● **Your objective**
A copy of the listing below is needed, exact in every line and without images.

● **Dataset excerpt**

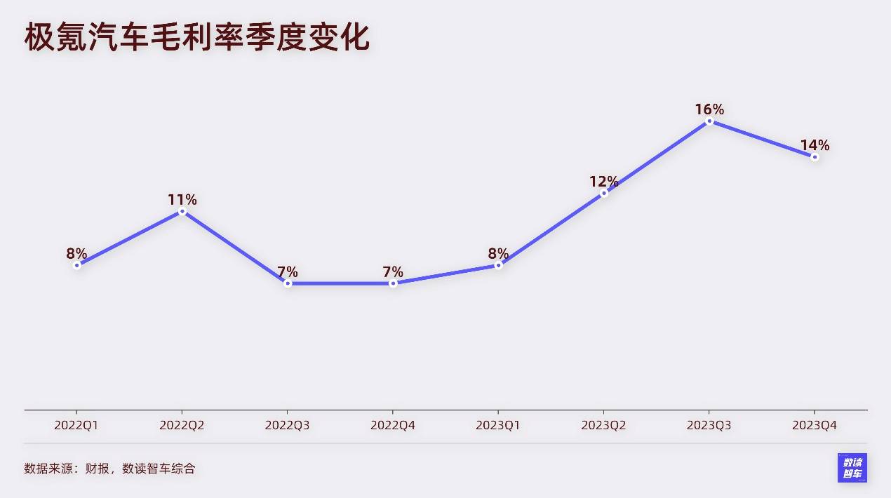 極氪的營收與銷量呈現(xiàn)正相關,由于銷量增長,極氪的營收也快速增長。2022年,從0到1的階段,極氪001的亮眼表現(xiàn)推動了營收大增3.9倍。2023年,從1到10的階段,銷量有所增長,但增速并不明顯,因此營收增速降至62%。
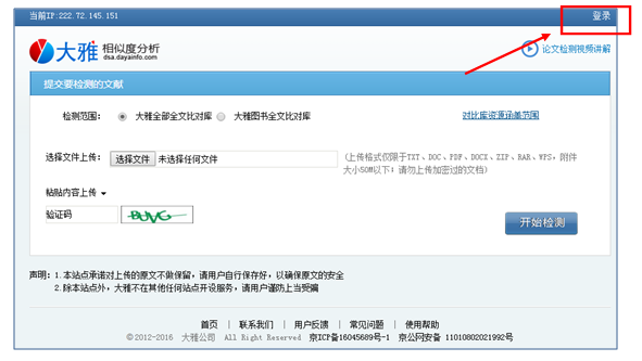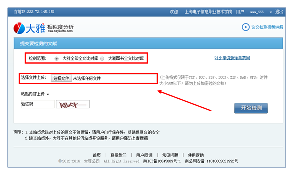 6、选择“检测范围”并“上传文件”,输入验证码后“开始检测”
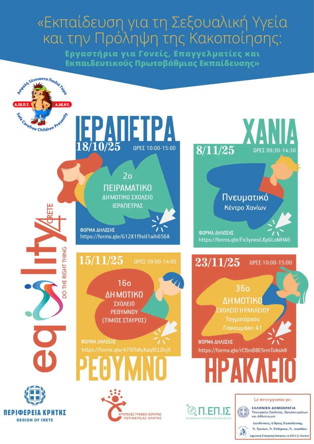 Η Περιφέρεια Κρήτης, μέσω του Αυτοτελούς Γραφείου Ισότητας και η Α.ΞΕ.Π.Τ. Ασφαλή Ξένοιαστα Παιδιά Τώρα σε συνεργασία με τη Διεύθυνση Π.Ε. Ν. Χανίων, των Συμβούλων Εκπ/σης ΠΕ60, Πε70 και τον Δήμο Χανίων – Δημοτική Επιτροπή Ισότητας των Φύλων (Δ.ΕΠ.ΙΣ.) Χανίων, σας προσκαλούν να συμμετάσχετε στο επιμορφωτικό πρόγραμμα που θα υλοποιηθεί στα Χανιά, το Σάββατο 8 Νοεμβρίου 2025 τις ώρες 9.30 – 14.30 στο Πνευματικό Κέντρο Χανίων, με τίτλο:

● **Output**
 極氪的營收與銷量呈現(xiàn)正相關,由于銷量增長,極氪的營收也快速增長。2022年,從0到1的階段,極氪001的亮眼表現(xiàn)推動了營收大增3.9倍。2023年,從1到10的階段,銷量有所增長,但增速并不明顯,因此營收增速降至62%。
 6、选择“检测范围”并“上传文件”,输入验证码后“开始检测”
 Η Περιφέρεια Κρήτης, μέσω του Αυτοτελούς Γραφείου Ισότητας και η Α.ΞΕ.Π.Τ. Ασφαλή Ξένοιαστα Παιδιά Τώρα σε συνεργασία με τη Διεύθυνση Π.Ε. Ν. Χανίων, των Συμβούλων Εκπ/σης ΠΕ60, Πε70 και τον Δήμο Χανίων – Δημοτική Επιτροπή Ισότητας των Φύλων (Δ.ΕΠ.ΙΣ.) Χανίων, σας προσκαλούν να συμμετάσχετε στο επιμορφωτικό πρόγραμμα που θα υλοποιηθεί στα Χανιά, το Σάββατο 8 Νοεμβρίου 2025 τις ώρες 9.30 – 14.30 στο Πνευματικό Κέντρο Χανίων, με τίτλο:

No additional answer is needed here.